The Pittsburgh Steelers’ rookie minicamp is set to kick off a short time from now. For most of those who will be participating, this will be their first-ever taste of real on-field action as a professional. The group will include all of the team’s nine draft selections from the past month. It will include all first-year players, such as Lavon Hooks. It will include the AAF players who are at first-year status, and the undrafted free agents they signed as well. But there will also be a number of players in game who are there only on an invitee basis.
That doesn’t mean you don’t have a chance. One need only look at recent history to see that. While there is perhaps only one complete success story in this regard, that being Terence Garvin, a player who was signed after rookie minicamp and went on to have a legitimate NFL career lasting several years, others have gotten signed and had their opportunities.
There is one on the 90-man roster right now, that being offensive lineman R.J. Prince. He, along with wide receiver Damoun Patterson, was signed after rookie minicamp to the 90-man roster. He continued to perform well throughout the summer and earned a year on the practice squad, and is now set to compete for a shot at a spot on the 53-man roster in 2019.
As for Patterson, he almost assuredly would have been kept on the practice squad as well had he not gotten injured during the preseason, which resulted in the team waiving him. He ended up landing elsewhere while the Steelers moved on with Tevin Jones and Trey Griffey.

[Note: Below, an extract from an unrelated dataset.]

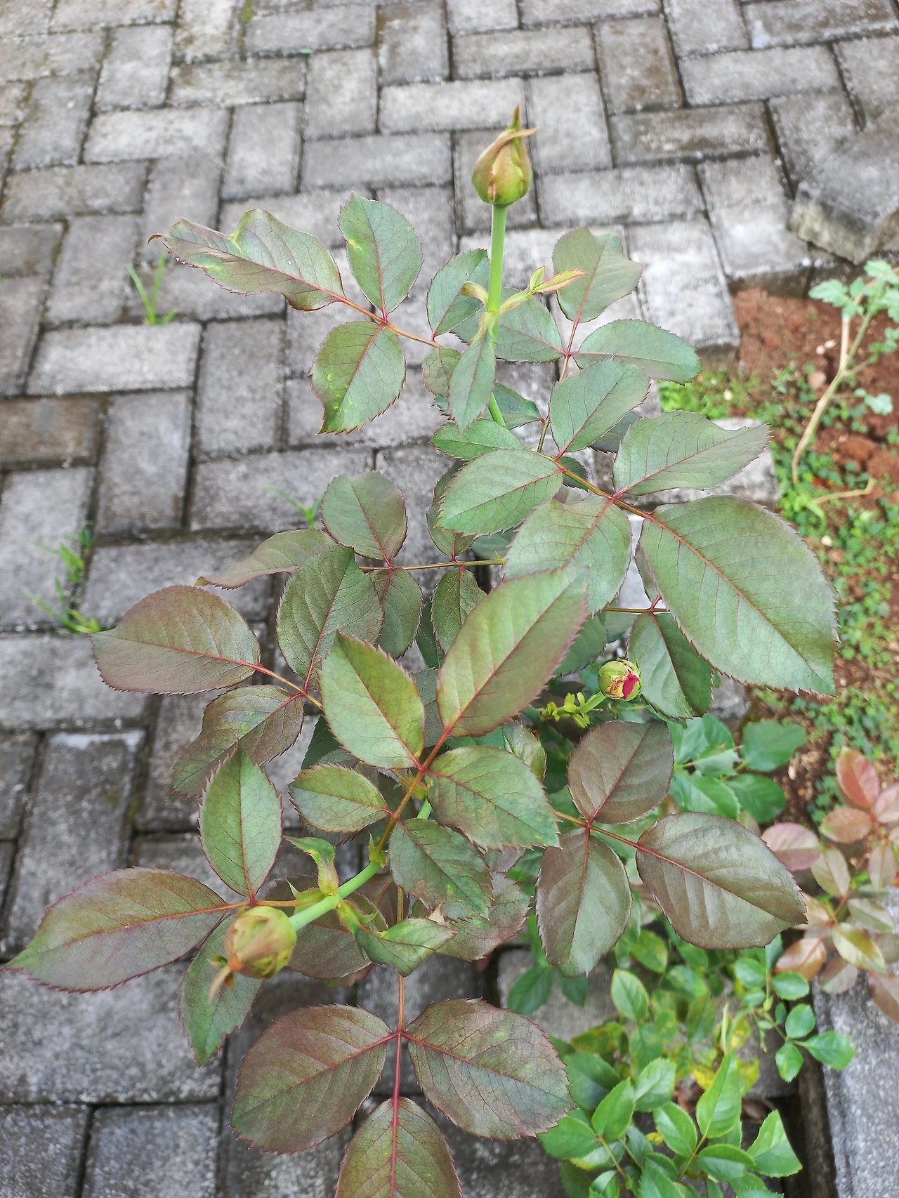 그런데 요 근래 꽃대가 하나 멀대처럼 올라가더니 빨간 장미가 활짝 피며 자태를 맘껏 뽐낸 후 시들어가길래 너무 긴 꽃대 하나를 잘라 주며 자세히 살펴보니 새순이 많이 올라오고 있었다. 비실거리던 모습은 어딜 가고 너무 생생해졌다. 그러더니 꽃봉오리가 세 개나 달렸다. 세상에.. 내가 해준 거에 비해서 너무 활기차게 자라주는 장미한테 미안한 마음이 들었다.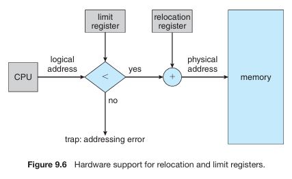 CPU 스케줄러가 다음에 수행할 프로세스를 선택할 때, 디스패처는 문맥 교환의 일환으로 재배치 레지스터와 상한 레지스터에 정확한 값을 적재한다.

In 2017, the Steelers signed two players who were rookie minicamp invitees that year, I believe, those being tight end Phazahn Odom and linebacker Matt Galambos. Galambos would go on to see time on the Steelers’ practice squad that year until he was injured.
And they doubled the number in the previous year when they inked four players who participated in rookie minicamp on a tryout basis, the most notable of them being wide receiver Marcus Tucker, who would spend two years on the practice squad. Like Patterson, however, an injury would get him waived in 2018. Cameron Stingily and Brandon Brown-Dukes, both running backs, also spent time on the team’s practice squad in 2016. Cornerback Donald Washington was the other one.
And if you go back another year, you actually find Stingily again. Invited twice, signed twice. Also added after rookie minicamp was defensive tackle Mike Thornton, who was certainly fun to watch as an undersized sparkplug.
You can keep going back if you’d like. Will any of the tryout players get signed this year? The odds suggest that at least one or two of them will, based on their recent history. They haven’t had an invitee make it all the way to the 53-man roster since Garvin in 2013, but a foot in the door is the first step.